HOW TO COMPLETE THIS TASK: Copy out again, unchanged, the listing below from the line that has "Saftige Hähnchenstreifen mit" through the line that has "5 Leviton MR002".

EXTRACTED RECORDS:
_____

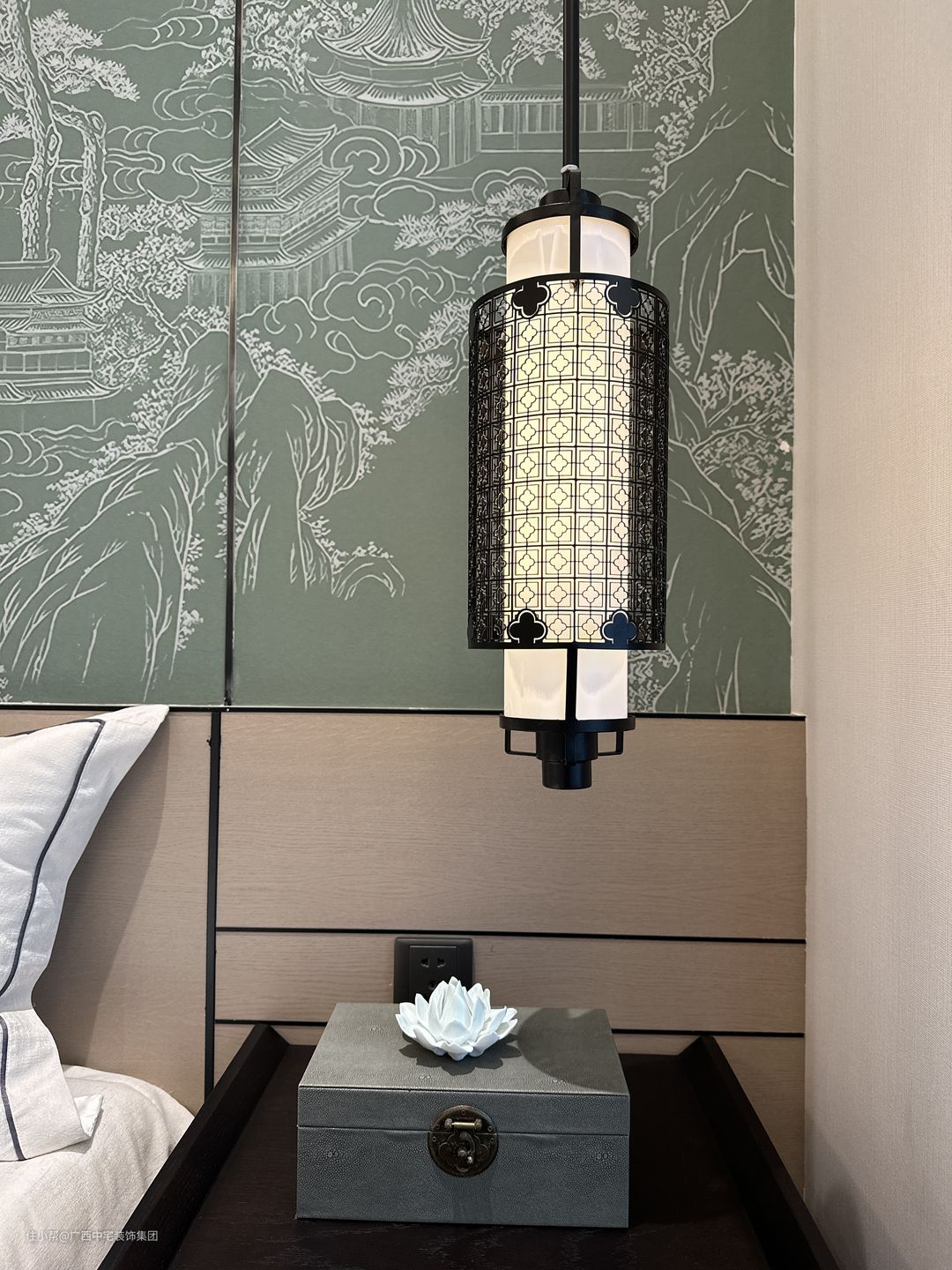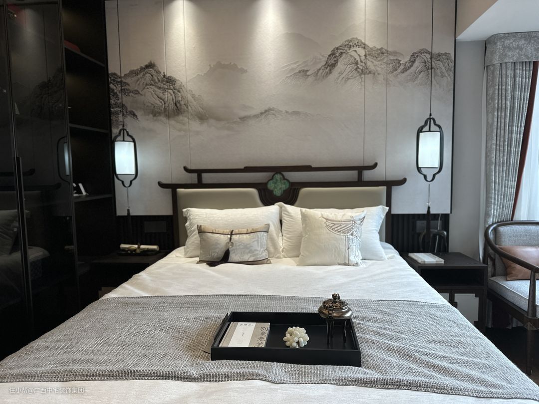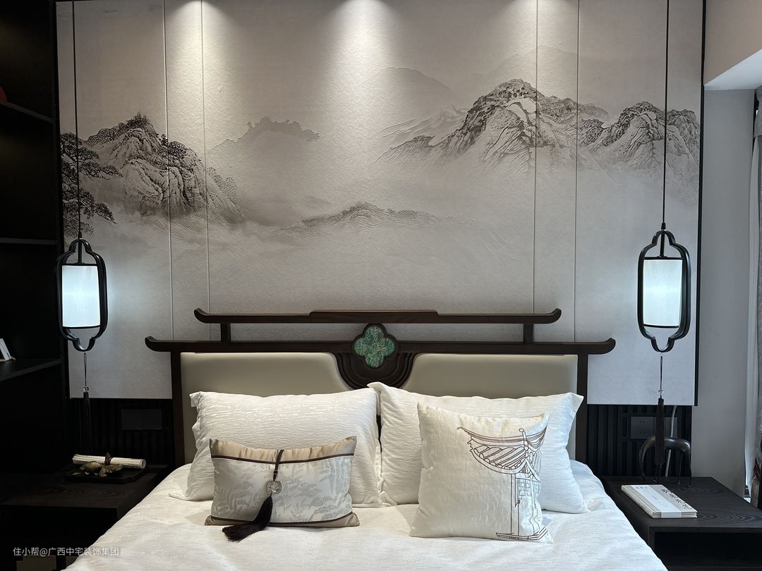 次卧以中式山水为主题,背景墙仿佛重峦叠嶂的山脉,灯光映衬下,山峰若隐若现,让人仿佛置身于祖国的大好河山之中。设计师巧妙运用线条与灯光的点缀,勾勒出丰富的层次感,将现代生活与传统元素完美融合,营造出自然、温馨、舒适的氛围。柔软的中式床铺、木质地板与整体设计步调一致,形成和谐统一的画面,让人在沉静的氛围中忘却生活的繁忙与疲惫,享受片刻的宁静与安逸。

_____

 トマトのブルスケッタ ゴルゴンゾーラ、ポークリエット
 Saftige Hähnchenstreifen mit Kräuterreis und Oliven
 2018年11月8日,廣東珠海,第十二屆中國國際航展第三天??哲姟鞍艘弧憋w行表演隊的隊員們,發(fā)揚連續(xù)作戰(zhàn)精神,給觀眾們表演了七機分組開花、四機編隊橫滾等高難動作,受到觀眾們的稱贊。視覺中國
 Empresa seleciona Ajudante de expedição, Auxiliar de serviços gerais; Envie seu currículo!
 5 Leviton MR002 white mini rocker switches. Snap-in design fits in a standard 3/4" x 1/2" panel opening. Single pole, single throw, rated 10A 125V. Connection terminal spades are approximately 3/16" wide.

_____

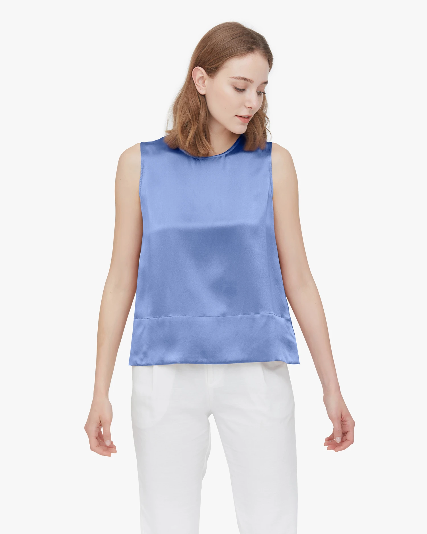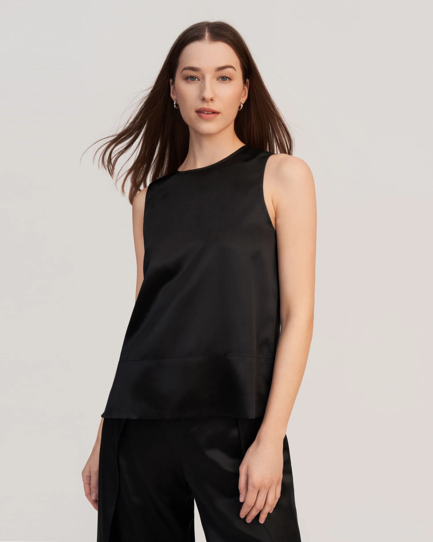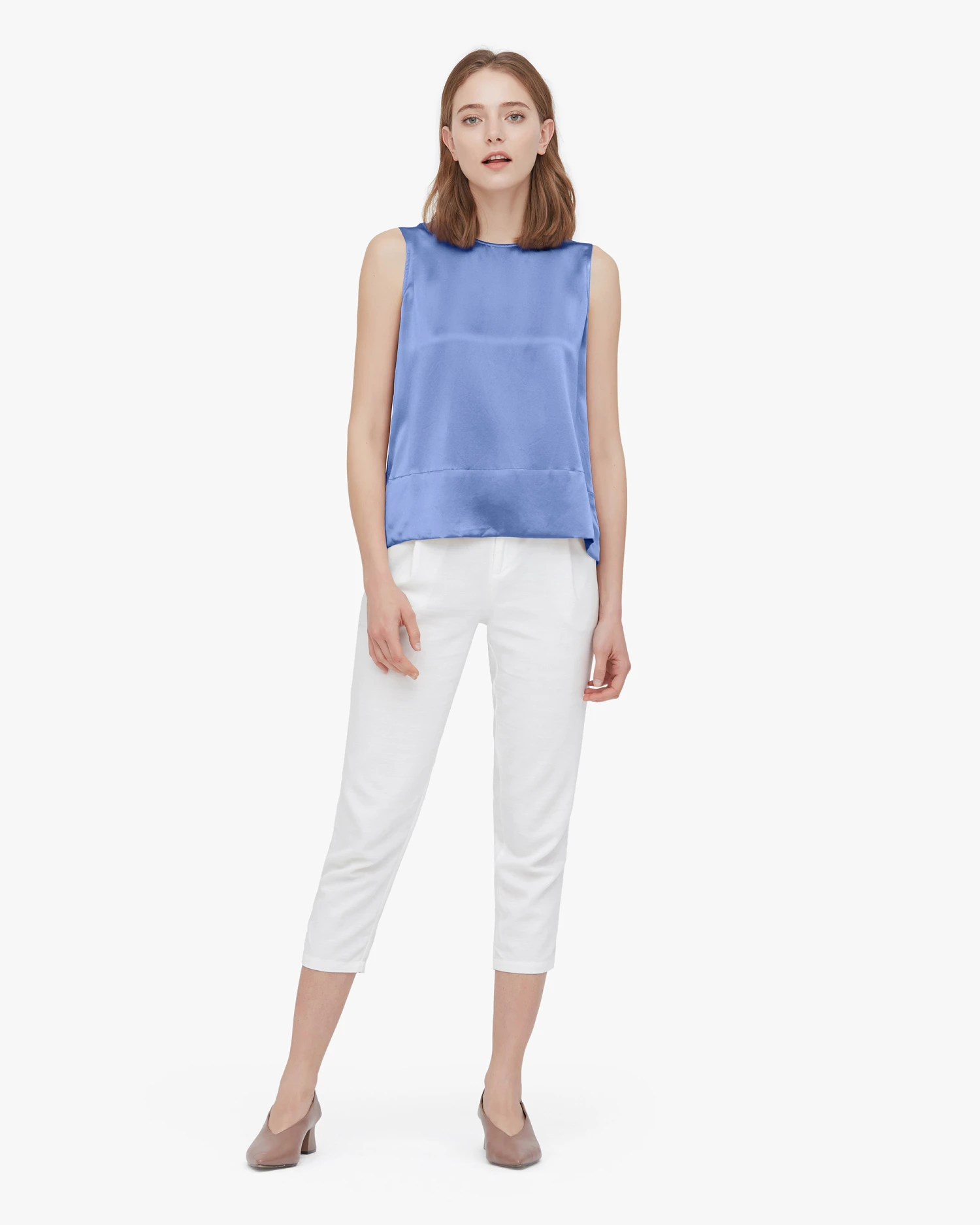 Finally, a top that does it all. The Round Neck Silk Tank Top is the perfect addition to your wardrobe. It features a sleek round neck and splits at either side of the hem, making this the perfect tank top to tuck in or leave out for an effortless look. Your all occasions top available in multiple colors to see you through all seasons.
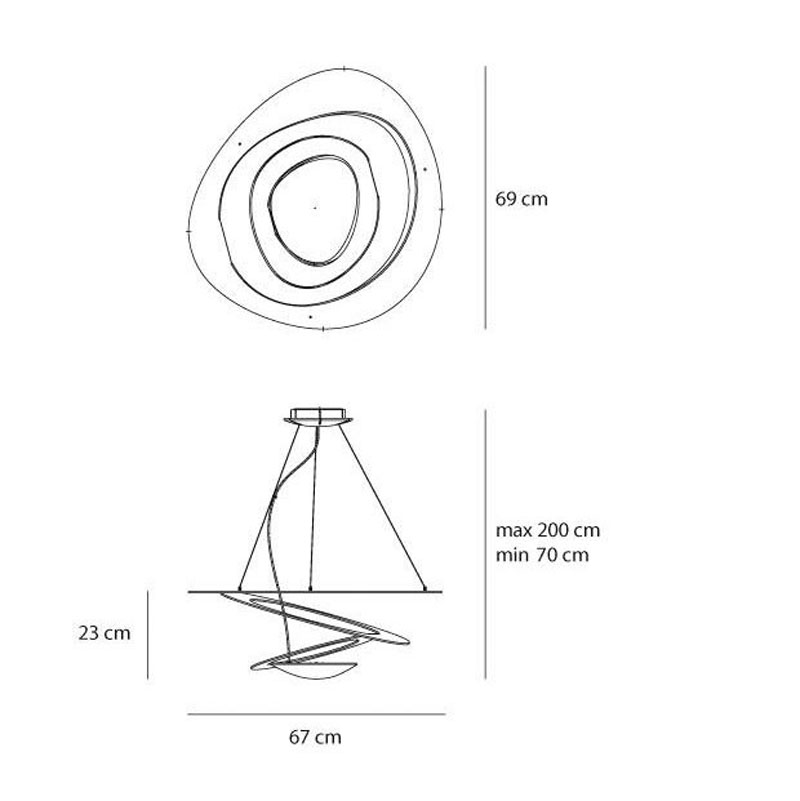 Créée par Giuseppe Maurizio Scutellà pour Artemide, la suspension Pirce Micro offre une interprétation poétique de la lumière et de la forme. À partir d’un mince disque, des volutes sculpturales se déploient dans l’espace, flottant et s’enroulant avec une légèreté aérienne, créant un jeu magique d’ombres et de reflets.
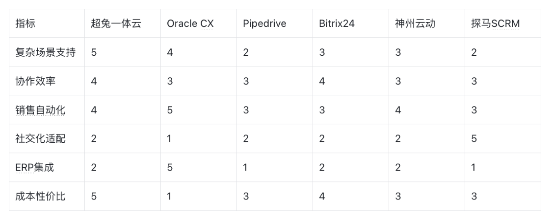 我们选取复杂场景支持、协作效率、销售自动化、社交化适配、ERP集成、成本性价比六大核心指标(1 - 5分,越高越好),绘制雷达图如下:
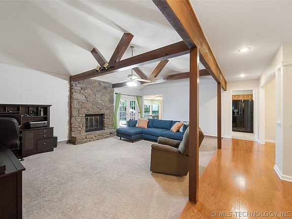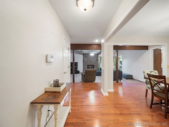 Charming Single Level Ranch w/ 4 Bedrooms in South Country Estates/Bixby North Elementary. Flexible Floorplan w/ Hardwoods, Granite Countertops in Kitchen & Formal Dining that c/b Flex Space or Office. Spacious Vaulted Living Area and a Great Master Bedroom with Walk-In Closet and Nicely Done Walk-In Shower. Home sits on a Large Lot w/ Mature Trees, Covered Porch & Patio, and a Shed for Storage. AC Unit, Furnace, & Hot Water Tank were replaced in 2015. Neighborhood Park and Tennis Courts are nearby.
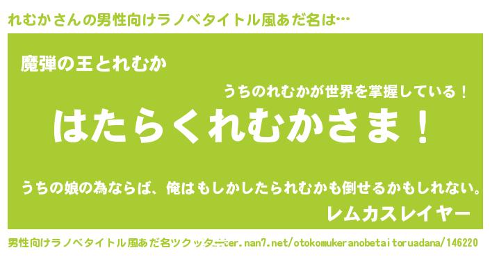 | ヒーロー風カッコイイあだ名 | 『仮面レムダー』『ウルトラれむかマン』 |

_____

RESPONSE TO THIS TASK:
 Saftige Hähnchenstreifen mit Kräuterreis und Oliven
 2018年11月8日,廣東珠海,第十二屆中國國際航展第三天??哲姟鞍艘弧憋w行表演隊的隊員們,發(fā)揚連續(xù)作戰(zhàn)精神,給觀眾們表演了七機分組開花、四機編隊橫滾等高難動作,受到觀眾們的稱贊。視覺中國
 Empresa seleciona Ajudante de expedição, Auxiliar de serviços gerais; Envie seu currículo!
 5 Leviton MR002 white mini rocker switches. Snap-in design fits in a standard 3/4" x 1/2" panel opening. Single pole, single throw, rated 10A 125V. Connection terminal spades are approximately 3/16" wide.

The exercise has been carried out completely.